** Exercise goal **
Check each line of the entries for "from" and report the ones that have it.

** Task inputs **

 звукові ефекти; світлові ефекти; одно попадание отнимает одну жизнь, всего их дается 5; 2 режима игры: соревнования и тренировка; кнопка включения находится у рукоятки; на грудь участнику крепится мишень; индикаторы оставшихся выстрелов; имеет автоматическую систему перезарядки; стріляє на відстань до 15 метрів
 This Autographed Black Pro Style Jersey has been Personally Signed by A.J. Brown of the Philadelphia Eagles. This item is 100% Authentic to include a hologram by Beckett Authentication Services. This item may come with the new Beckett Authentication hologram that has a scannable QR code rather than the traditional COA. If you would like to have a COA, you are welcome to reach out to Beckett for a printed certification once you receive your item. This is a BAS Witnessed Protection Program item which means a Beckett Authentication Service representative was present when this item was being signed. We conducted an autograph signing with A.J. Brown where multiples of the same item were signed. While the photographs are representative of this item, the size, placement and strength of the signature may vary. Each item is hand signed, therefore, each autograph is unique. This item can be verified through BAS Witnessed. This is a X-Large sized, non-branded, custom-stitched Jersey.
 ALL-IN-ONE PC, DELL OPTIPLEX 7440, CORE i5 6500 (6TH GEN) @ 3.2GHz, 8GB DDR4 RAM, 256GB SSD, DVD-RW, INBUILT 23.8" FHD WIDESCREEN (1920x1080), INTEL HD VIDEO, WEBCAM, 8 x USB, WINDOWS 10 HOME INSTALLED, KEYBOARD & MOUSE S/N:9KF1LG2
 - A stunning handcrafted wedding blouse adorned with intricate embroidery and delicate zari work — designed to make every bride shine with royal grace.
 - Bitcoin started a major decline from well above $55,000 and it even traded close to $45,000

==

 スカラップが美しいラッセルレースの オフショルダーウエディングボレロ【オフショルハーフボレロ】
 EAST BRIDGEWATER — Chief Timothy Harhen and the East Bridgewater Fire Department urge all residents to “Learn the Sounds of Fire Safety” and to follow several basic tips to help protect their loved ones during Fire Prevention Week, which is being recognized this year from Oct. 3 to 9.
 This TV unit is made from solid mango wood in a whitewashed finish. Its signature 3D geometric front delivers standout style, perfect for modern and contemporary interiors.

--

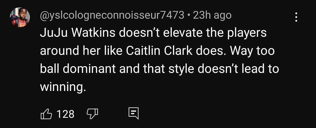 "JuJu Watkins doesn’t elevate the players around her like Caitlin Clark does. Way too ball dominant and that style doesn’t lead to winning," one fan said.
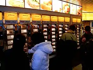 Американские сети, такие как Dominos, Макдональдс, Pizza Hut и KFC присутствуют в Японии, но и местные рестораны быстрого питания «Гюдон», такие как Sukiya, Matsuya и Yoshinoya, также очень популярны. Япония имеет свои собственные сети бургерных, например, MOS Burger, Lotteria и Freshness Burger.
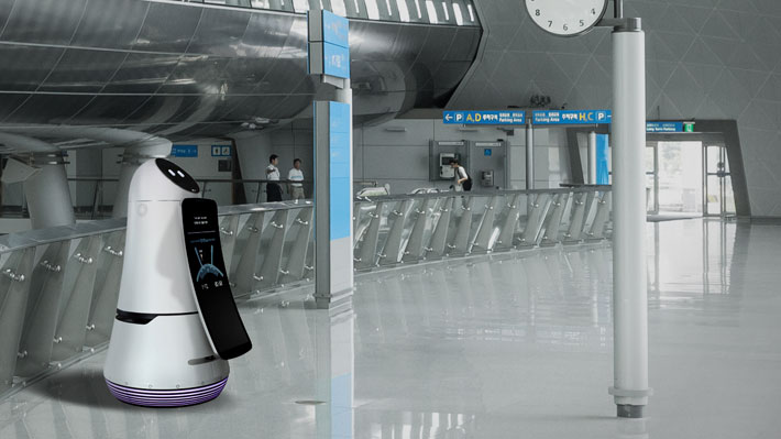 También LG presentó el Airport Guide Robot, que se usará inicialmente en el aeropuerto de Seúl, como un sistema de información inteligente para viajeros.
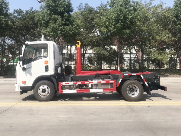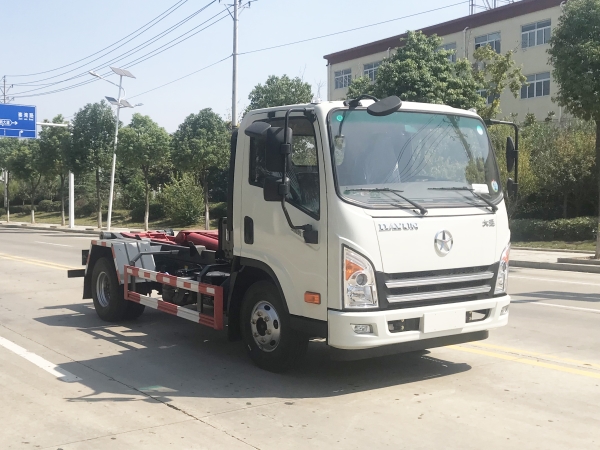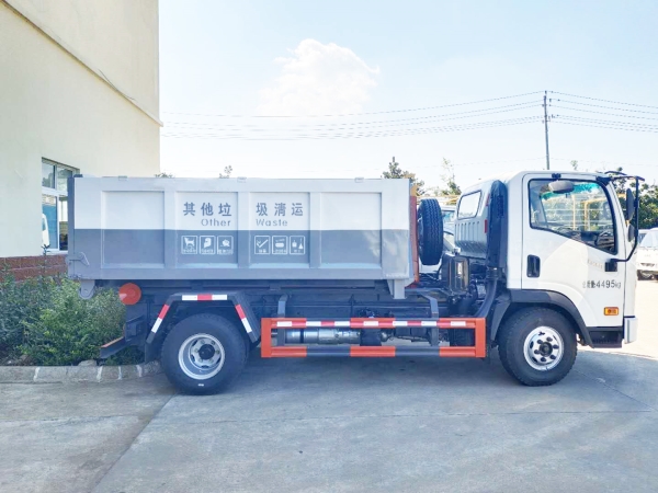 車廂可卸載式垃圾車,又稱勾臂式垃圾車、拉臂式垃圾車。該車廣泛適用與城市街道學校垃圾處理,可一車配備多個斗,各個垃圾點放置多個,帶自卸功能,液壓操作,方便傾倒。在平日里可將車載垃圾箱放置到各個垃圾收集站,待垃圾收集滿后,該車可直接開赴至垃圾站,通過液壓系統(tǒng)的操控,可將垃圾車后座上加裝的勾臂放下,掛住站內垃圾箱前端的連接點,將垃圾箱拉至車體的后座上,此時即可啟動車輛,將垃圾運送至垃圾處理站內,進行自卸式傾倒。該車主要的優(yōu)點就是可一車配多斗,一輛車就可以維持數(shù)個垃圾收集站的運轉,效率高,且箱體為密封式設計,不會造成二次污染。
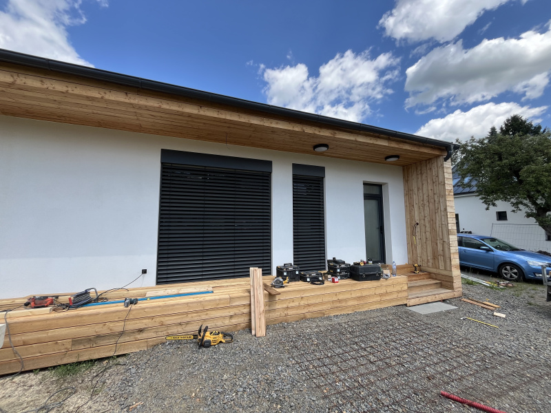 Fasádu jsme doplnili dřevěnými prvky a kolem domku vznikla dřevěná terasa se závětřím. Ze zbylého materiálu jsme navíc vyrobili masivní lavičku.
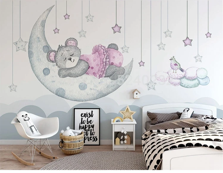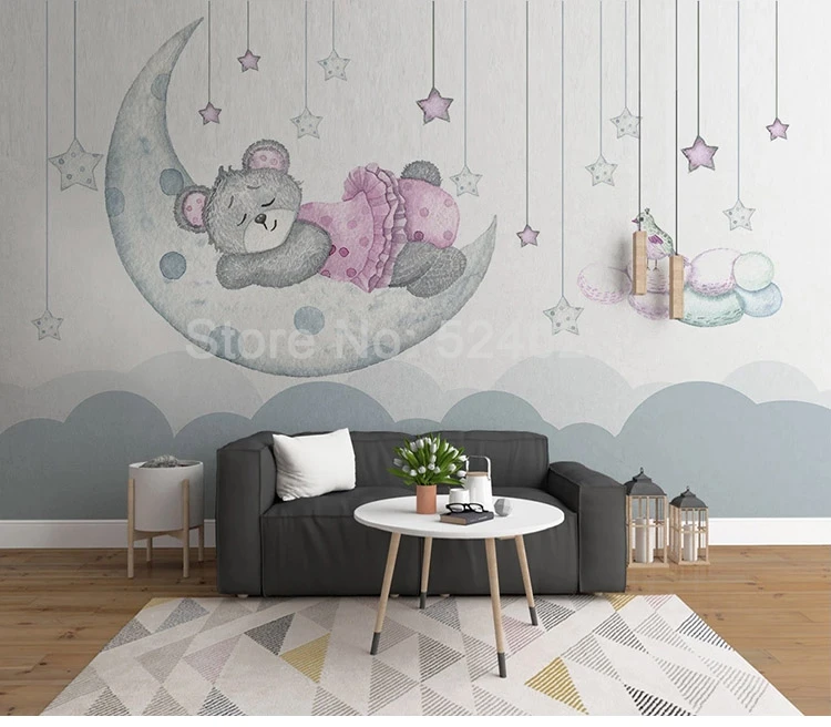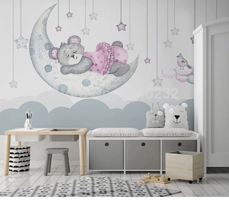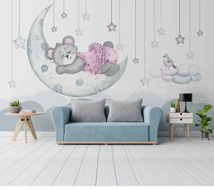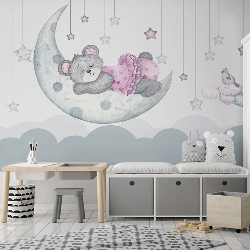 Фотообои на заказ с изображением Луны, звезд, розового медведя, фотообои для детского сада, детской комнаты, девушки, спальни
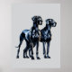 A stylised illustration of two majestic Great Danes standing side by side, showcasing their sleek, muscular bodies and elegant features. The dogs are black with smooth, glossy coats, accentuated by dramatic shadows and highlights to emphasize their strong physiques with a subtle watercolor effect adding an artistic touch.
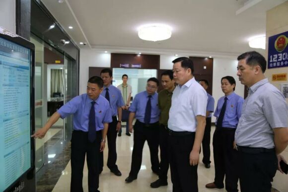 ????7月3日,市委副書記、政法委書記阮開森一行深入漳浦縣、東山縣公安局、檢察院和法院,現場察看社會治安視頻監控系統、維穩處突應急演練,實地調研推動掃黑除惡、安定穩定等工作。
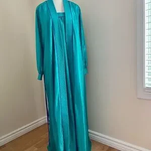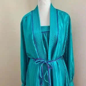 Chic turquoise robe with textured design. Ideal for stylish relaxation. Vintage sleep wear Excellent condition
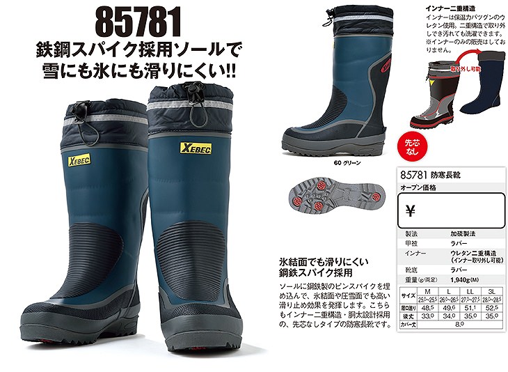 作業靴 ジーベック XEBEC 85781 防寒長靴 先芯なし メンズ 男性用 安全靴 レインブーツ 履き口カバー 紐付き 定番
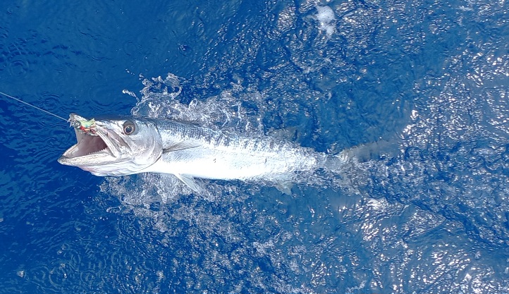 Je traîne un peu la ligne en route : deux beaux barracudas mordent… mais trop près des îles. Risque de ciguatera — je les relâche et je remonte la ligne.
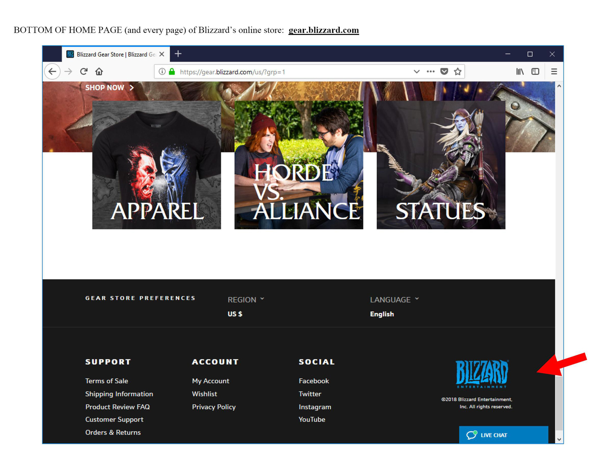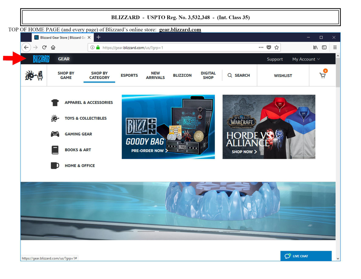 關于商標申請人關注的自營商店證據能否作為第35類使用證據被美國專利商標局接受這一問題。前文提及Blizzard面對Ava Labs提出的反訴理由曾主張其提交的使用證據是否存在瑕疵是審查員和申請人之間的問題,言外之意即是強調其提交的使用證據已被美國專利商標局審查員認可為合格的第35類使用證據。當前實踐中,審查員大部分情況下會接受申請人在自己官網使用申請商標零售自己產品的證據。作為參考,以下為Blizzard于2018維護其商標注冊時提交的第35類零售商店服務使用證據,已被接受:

** Reply **
 - Bitcoin started a major decline from well above $55,000 and it even traded close to $45,000
 EAST BRIDGEWATER — Chief Timothy Harhen and the East Bridgewater Fire Department urge all residents to “Learn the Sounds of Fire Safety” and to follow several basic tips to help protect their loved ones during Fire Prevention Week, which is being recognized this year from Oct. 3 to 9.
 This TV unit is made from solid mango wood in a whitewashed finish. Its signature 3D geometric front delivers standout style, perfect for modern and contemporary interiors.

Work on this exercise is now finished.